Compumedics Limited (Compumedics), an Australia-based medical device company, has reported revenues of $17.1 million for the first half of fiscal 2009, down 15%, compared with the revenues of $20.1 million in the year-ago period. It has also reported a profit after tax of $2.5 million for the first half of fiscal 2009, compared with the profit after tax of $1.6 million in the year-ago period.
Compumedics has booked first half earnings of $2.5m and its fifth consecutive profit report to market in the six months to December 31, 2008.
At $2.3 million, the company is reporting its highest level of operating cash for any six month period in more than 4 years. It is also the company’s fifth consecutive positive operating cash report to market.
As a consequence the company has reduced its bank debt at 31 December 2008 to $1.9m, a 30% reduction on its June 30, 2008 balance and the lowest level of bank debt the company has had since listing on the ASX in late 2000. With a cash balance of $1.4m at 31 December 2008, the company is also reporting its strongest cash position to market in more than three years.
Achievements for the half-year ended December 31, 2008
Operating cash flows more than doubled in the half-year to $2.3m.
Debt levels for the business are the lowest since ASX listing with a further reduction in debt by 30% to $1.9m at December 31, 2008 compared to $2.7m at 30 June 2008.
Revenues have stabilised over the last few reporting periods as a consequence of restoring the profitability and the financial performance of the company. The company believes this was a reasonable outcome given the current economic environment, which resulted in an unanticipated deferral of orders by customers late in 2008. This was particularly noticeable in the company US based business. Importantly the purchasing patterns of the company customers have recently normalised and the company’s booked business in January and February has been more in line with the same months in prior years.

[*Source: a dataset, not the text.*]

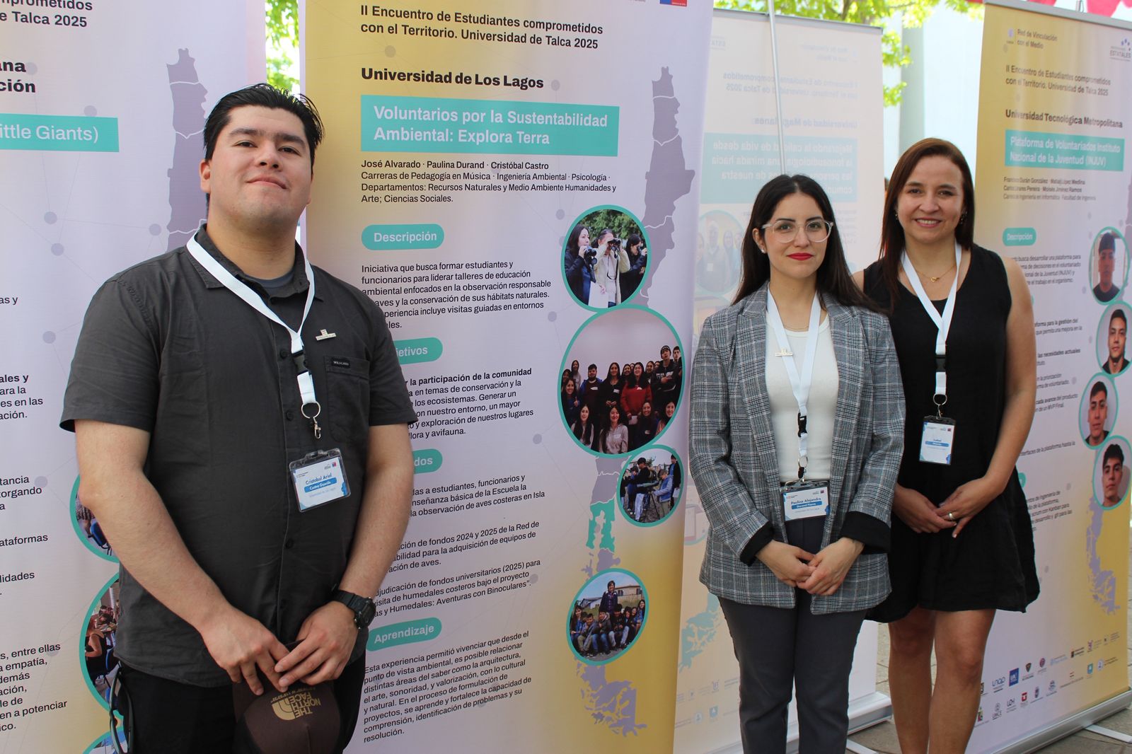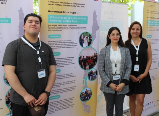 En la instancia, Paulina Durand (Psicología) y Cristóbal Castro (Ingeniería Ambiental) representaron a la ULagos presentando el proyecto “Explora Terra”, cuyo propósito es promover la participación de la comunidad universitaria y de las comunidades del entorno en la conservación y valoración de los ecosistemas.

The revenues for the half-year would have been stronger if not for the unanticipated tight credit environment in the latter part of calendar 2008 as evidenced by the company holding almost $2m in orders placed by customers that could not be shipped prior to December 31, 2008. These orders will ship in the current half-year.

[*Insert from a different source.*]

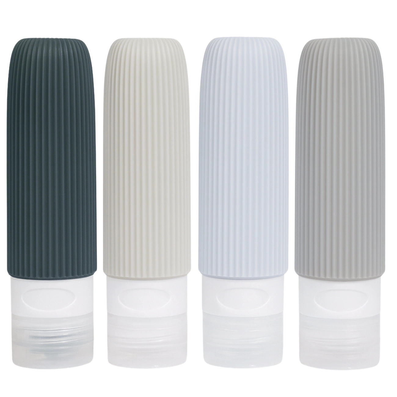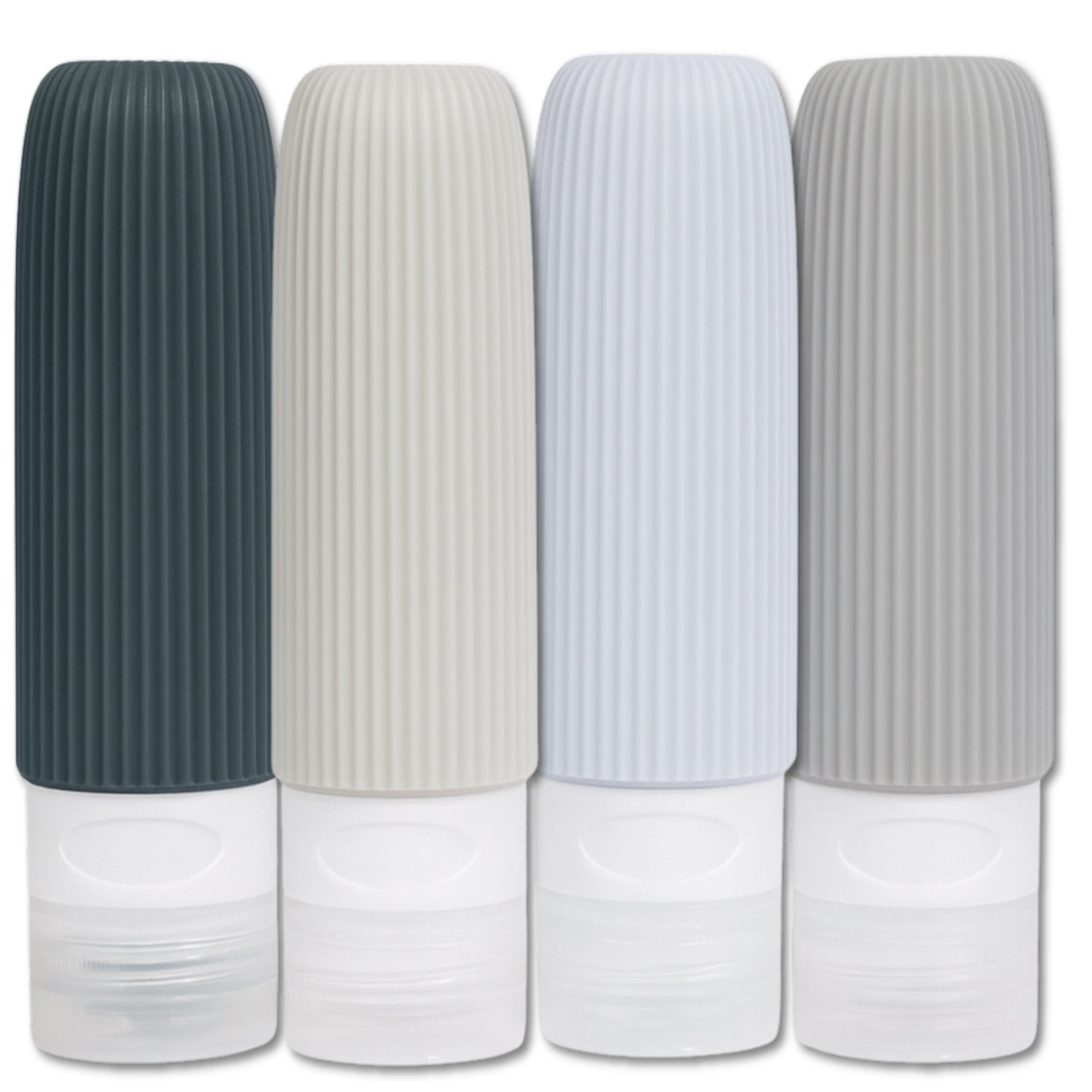 Noul set de sticle de voiaj din silicon (4 bucăți) este o soluție practică pentru transportul cosmetic și în condiții de siguranță pentru cei care își doresc transportul în condiții de siguranță. Fiecare sticlă are o capacitate de 90 ml (3 fl oz), făcându-le ideale pentru transportul în bagajele de mână – în conformitate cu cerințele companiei aeriene.

Despite the above constraints margins improved to 61%, compared to 58% as reported June 30, 2008.
Importantly the clearance or head-room on the company’s periodic bank covenant tests at December 31, 2008 demonstrate significantly greater and increasing safety margins and reinforces the company’s strategy and financial position.
The company has focused on debt collections, reducing the ageing profile of its accounts receivable.
Grael PSG, Neuvo L and SomniLink SPAP will commence production level shipments in 2009, underpinning future revenue growth despite the current economic environment.
The company has maintained a strong R&D pipeline with further new and improved products to follow.
Compumedics increased operating cash flow for the half-year and period end cash position was driven in part by the significant improvement in its aged receivable position on its rest-of-world ledger from June 30, 2008 to December 31, 2008 with accounts receivable over 90 days declining from 38% of total accounts receivable at June 30, 2008 to 31% of total accounts receivable at 31 December 2008. This result compares favourably with others in this and related sectors for this type of business.
In addition to the above highlights the company has implemented a further $2 million in annualised cost savings as of January 2009 as a precautionary measure for the company’s earnings over calendar 2009. Importantly we have seen signs in January and February, particularly out of the US, that business is resuming more normal sales levels for the company core medical diagnostic capital equipment business.
Further, the company has maintained its R&D program at between 12% and 15% of revenues, which is typically about double comparable and related industry averages. As a result of the above industry average investment in R&D the company has a number of key strategic and core products releasing to market. These core products include its innovative long-term neurological-monitoring (LTM) product, Neuvo into the US market and the up-coming release of its next generation sleep laboratory product, the Grael PSG.
These products should generate incremental sales and lead to an expansion in revenues and earnings for the company over calendar 2009 and into 2010.
David Burton, CEO, said about Compumedics’ results, “We are all pleased to see the company increasing profits amidst the current economic conditions but we understand the importance of retaining these disciplines whilst growing the revenues and corresponding earnings”.
“The continuing profitability of the company for 5 consecutive reports to market since the major restructuring in FY2005/06 has been achieved due to the focussed efforts of Compumedics’ dedicated and highly skilled team of loyal employees and supporting stake-holders”.
“I am pleased that, in the face of a very tough global economic environment that the Compumedics team was able to improve the earnings and cash position of the company. The company continues to strengthen its position to underpin its traditional growth outlook, whilst improving its financial position.”
Compumedics anticipates the business to grow overall in the present outlook period based on confirmed business disciplines, a significant pipeline of new products and strengthened sales and marketing, despite the toughening and uncertain global economic conditions.